Families of two-colour Helmholtz spatial solitons

Abstract

Multi-colour spatial solitons comprise localized optical components at distinct temporal frequencies [1]. The
components (which may be bright-like and dark-like) tend to overlap in space, thereby allowing the interplay
between linear spreading (diffraction) and nonlinear effects (self- and mutual-focusing) to result in an
electromagnetic structure with a stationary intensity pattern. Two-colour spatial solitons for a Kerr-type medium
were proposed by De La Fuenete and Barthelemy [2] within the context of an intuitive nonlinear Schrödinger model. Subsequent experiments, using continuous-wave (CW) laser light at red and green wavelengths, demonstrated that such mutually-trapped light beams could be generated in CS2 waveguides [3]. This opened up the possibility of multi-colour photonic device applications and architectures [4].
Here, we introduce a novel Helmholtz model for two-colour CW optical fields whose temporal frequency separation is similarly large.

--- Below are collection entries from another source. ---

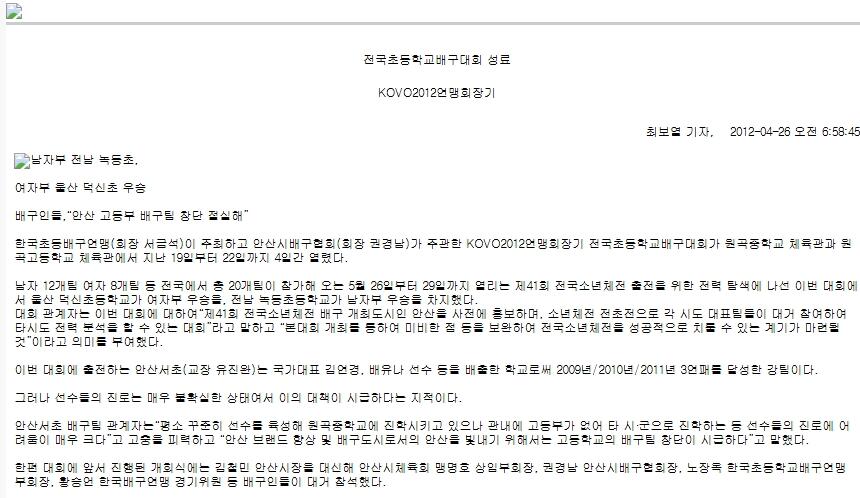 KOVO2012연맹회장기 전국초등학교배구대회 성료
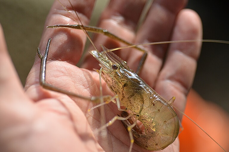 テナガエビは夏が繁殖期。5月頃から始まって、じめじめと蒸し暑い梅雨をピークに、オスとメスが河川の下流部の浅い場所に集まって産卵する。そして、生まれた幼生は川の流れに乗って、海まで下ってから、植物プランクトンなどの有機物を食べて成長する。育った稚エビは自分の力で川を歩いて遡り、また川で暮らすようになるが、冬場は水温変化の少ないやや深い場所で過ごす。その成長には健全な川と海のつながりが欠かせないのである。
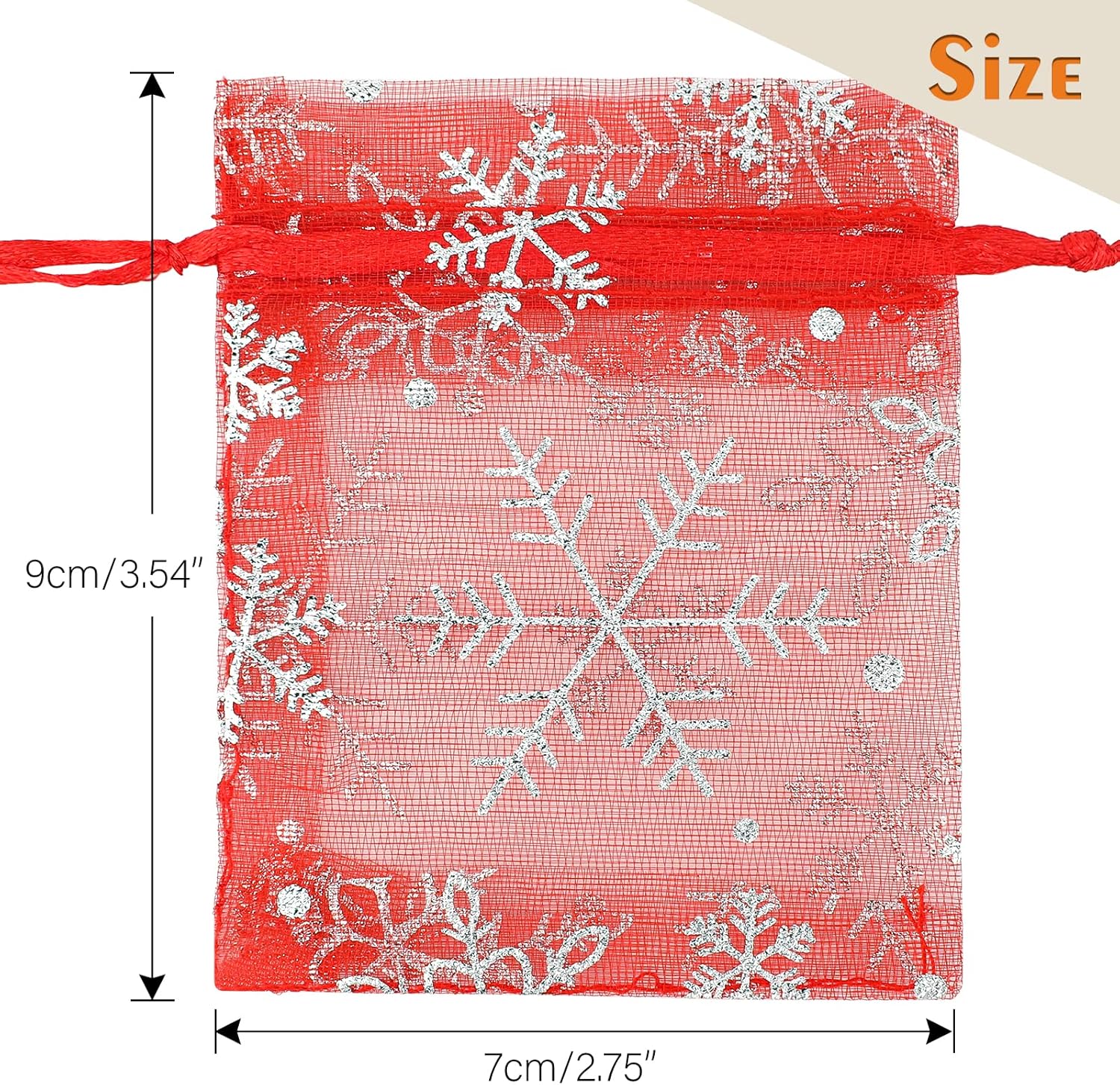 - 【Christmas Favors Bags】Sheer organza bags are printed with snowflake pattern, it is perfect to use this organza bags at Christmas, or any event, party in winter. In normal times you can also use these organza gift bags can elegantly wrap items such as wedding favors, soaps, rose petals, candles, perfume, beads and so on.
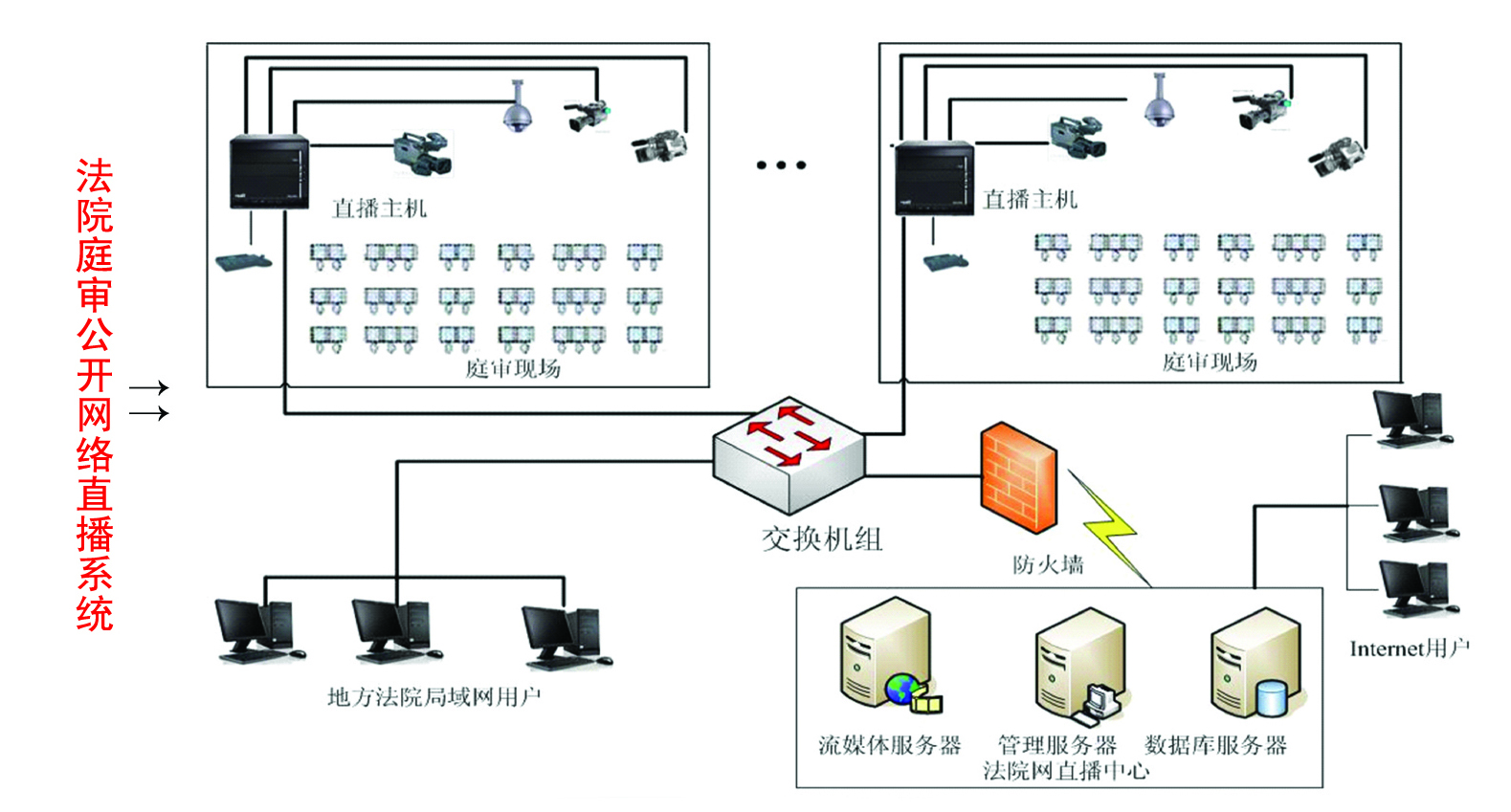 網(wǎng)絡(luò)直播、導(dǎo)播系統(tǒng)是集切換臺、調(diào)音臺、字幕機(jī)、臺標(biāo) 時(shí)鐘發(fā)生器等功能于一體,通過對庭審過程中各個(gè)席位的攝像機(jī)位進(jìn) 行采集,實(shí)現(xiàn)了對多路視頻信號的實(shí)時(shí)切換、編碼,同時(shí)對廣域網(wǎng)和 局域網(wǎng)直播,在直播的同時(shí)進(jìn)行錄制高品質(zhì)的音視頻流,既滿足了庭 審過程中影像資料的存檔、又實(shí)現(xiàn)了人民群眾的在線監(jiān)督與領(lǐng)導(dǎo)遠(yuǎn)程 觀摩的需求,使庭審過程與信息技術(shù)緊密結(jié)合。

A key advantage of our approach is that it allows one full access to multicomponent geometries involving propagation at arbitrary angles and orientations with respect to the reference direction [5] – such considerations are central to off-axis configurations involving, for instance, beam multiplexing [6] and interface [7] scenarios. In contrast, classic paraxial models [2,3] capture angles (in the laboratory frame) that are negligibly, or near-negligibly, small [4]. The two-colour modulational instability problem can be solved in a range of physically relevant regimes. Bright-bright and bright-dark solitons are also reported, each of which having co-propagation and counter-propagation solution classes that are connected by geometrical transformation. Extensive computations [8] have confirmed the validity of analyses.